Electric Potential Response Characteristics of Coal Under Stress Wave Loading

Monitoring the electric potential (EP) response induced by coal deformation and rupture is essential to the safety of underground engineering under extreme load and stress wave disturbance conditions. In this study, the split Hopkinson pressure bar and EP acquisition systems were utilized for EP testing of coal under stress waves. The EP response under stress waves was investigated, the changes in accumulated charge caused by each stage of stress wave loading were analyzed, and the mechanism of EP signal generation is discussed. The results show that under stress waves, coal produces a significant EP signal, and the EP fluctuations correspond well to each stage of the stress wave.
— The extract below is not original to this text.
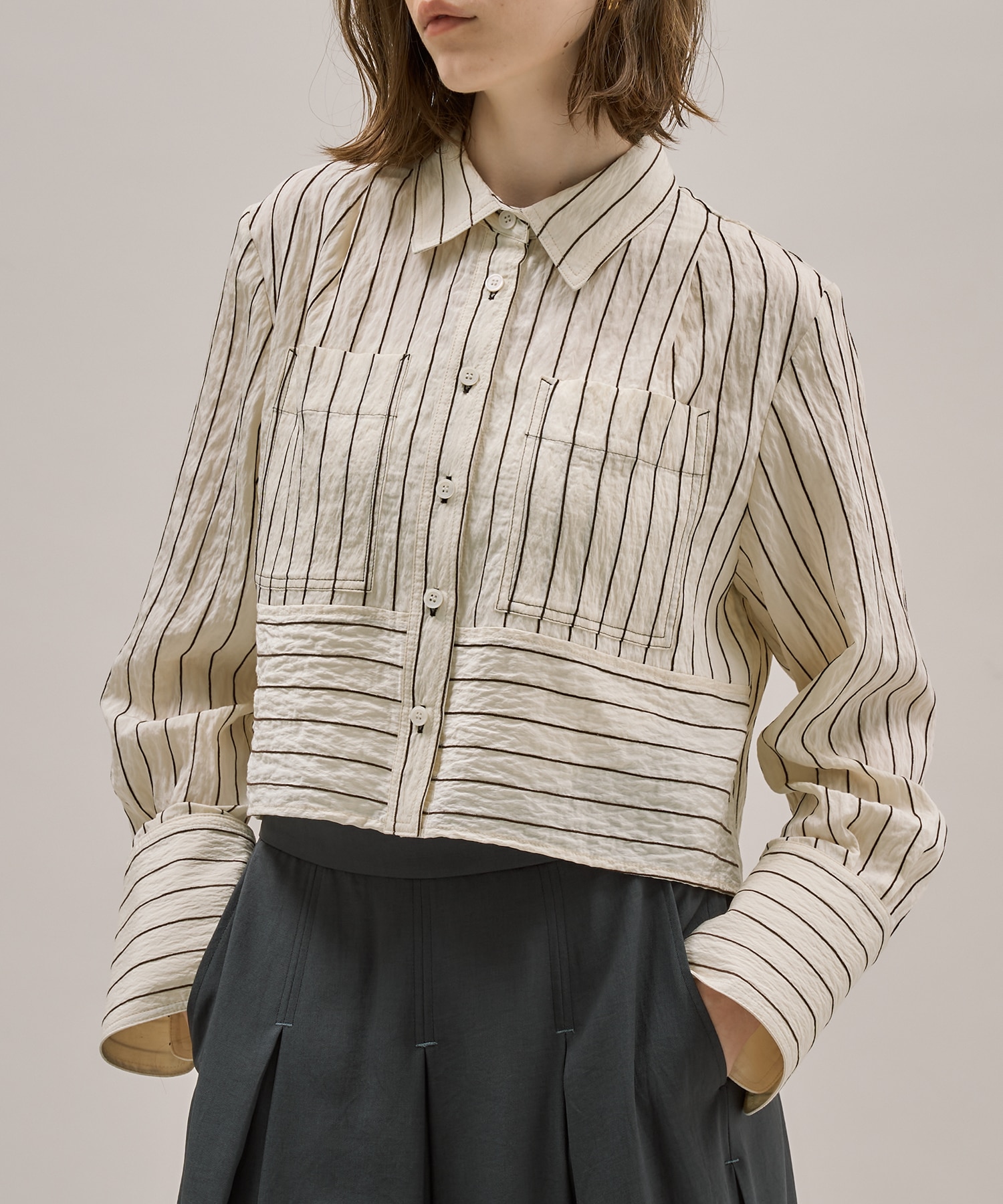 ・前はショート丈でどんなボトムにも合わせやすく、後ろはフレア感のあるデザイン。

The EP and stress wave signals have a strong linear relationship when the stress wave is rising. During the descent of the stress wave, the EP decreases exponentially with time, showing a gradual decrease in the rate of EP decrease. The cumulative charge growth at each stage shows a "stable-surging-stable" change trend. Dislocation charged movement causes local polarization within the coal. Crack propagation leads to charge separation and free charge generation. These findings explain the mechanism of EP signal creation caused by stress waves. A mathematical model of the link between charge density and dynamic load stress is derived, indicating a strong positive correlation between the two parameters. The results of this research help to improve the reflection of coal seam stability through the EP response.